Overview
I think you have two main options about the logic behind the problem:
- For each option o in 1-26, build an index matrix
draft_simulations == o
, then rowSums
it;
- For each player p in 1-26, table its row
table(draft_simulations[p,])
.
On top of that choice, I'd say you have two main possible efficiency gains:
- Use better functions;
- Use a better looping structure.
Better functions
For (1.) I think rowSums
and ==
are about as good as it gets.
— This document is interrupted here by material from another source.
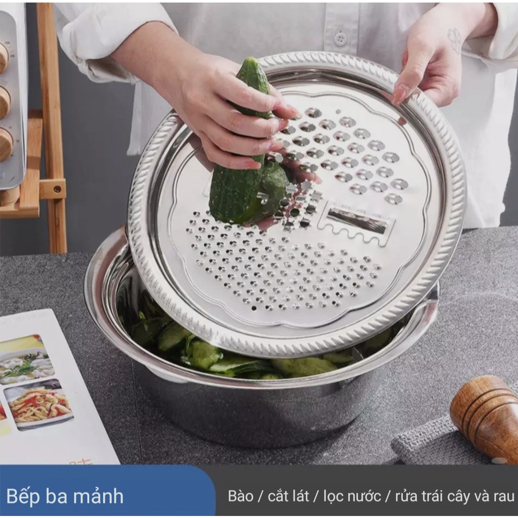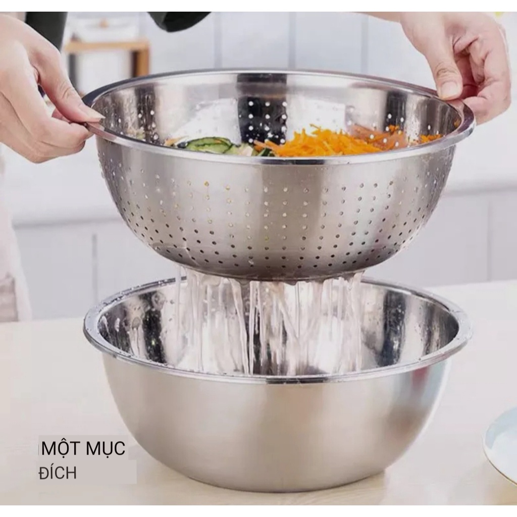 Bộ thau rổ bào rau củ quả inox 304 không rỉ - Set 3 món thau rổ bàoThấu hiểu nhu cầu của bà nội trợ trong "sứ mệnh" vô cùng thiêng liêng trong mỗi bữa ăn, chúng tôi đã nhập khẩu về bộ rổ inox đa năng, 3 chi tiết, vừa làm RỔ, vừa làm CHẬU, vừa làm MÂM NẠO, GỌT, THÁI LÁT rau, củ, quả chuyên nghiệp đa năng, làm cho món ăn vô cùng đẹp mắt đồng thời tiết kiệm diện tích bếp.

But for table
, there are a lot of different options, as you can see on Is there an efficient alternative to table()?. I'd recommend reading all the answers to that question, as each have their pros and cons, but here, I'll stick to base::tabulate
.
Better looping structure
You have for loops, the base::apply
family, and purrr::map
. Is not obvious which to use, so I'll test below.
Testing
I tested options using rowSums
, table
, and tabulate
, with all the looping options (code at the end), which yielded:
bench::mark(rowsums_for(), rowsums_sapply(), rowsums_map(),
table_for(), table_apply(),
tabulate_for(), tabulate_apply(),
check = FALSE, min_time = 1) %>%
select(expression:`gc/sec`)
expression min median `itr/sec` mem_alloc `gc/sec`
<bch:expr> <bch:tm> <bch:tm> <dbl> <bch:byt> <dbl>
1 rowsums_for() 3.08ms 4ms 260. 2.59MB 9.04
2 rowsums_sapply() 3.14ms 4.13ms 251. 2.6MB 9.02
3 rowsums_map() 3.27ms 4.3ms 241. 2.59MB 9.01
4 table_for() 4.41ms 4.73ms 208. 1.87MB 5.33
5 table_apply() 4.59ms 4.96ms 200. 1.98MB 5.33
6 tabulate_for() 231.2µs 250.7µs 3788. 210.94KB 11.9
7 tabulate_apply() 289.2µs 311µs 3090. 312.8KB 11.9
So, at least for the dimension of your problem, for loops are better. Also, rowSums
is better than table
, but tabulate
is the clear winner. This isn't necessarily true if the dimensions are different.
Functions:
plays <- 26
players <- 26
n_sims <- 1000
random_probs <- rbeta(plays, 10, 20)
random_probs <- random_probs/sum(random_probs)
draft_simulations <-
replicate(n_sims, sample(1:plays, players, replace = FALSE, prob = random_probs)) %>%
matrix(nrow = players, ncol = n_sims)
rowsums_for <- function(){
result <- matrix(nrow = players, ncol = plays)
for(i in 1:plays){
result[,i] <- rowSums(draft_simulations == i)
}
}
rowsums_sapply <- function(){
sapply(1:players, function(x) rowSums(draft_simulations == x))
}
rowsums_map <- function(){
map(1:players, ~ rowSums(draft_simulations == .x))
}
table_for <- function(){
result <- matrix(nrow = players, ncol = plays)
for(i in 1:players){
result[i,] <- table(draft_simulations[i,])
}
}
table_apply <- function(){
apply(draft_simulations, 1, table)
}
tabulate_for <- function(){
result <- matrix(nrow = players, ncol = plays)
for(i in 1:players){
result[i,] <- tabulate(draft_simulations[i,])
}
}
tabulate_apply <- function(){
apply(draft_simulations, 1, tabulate)
}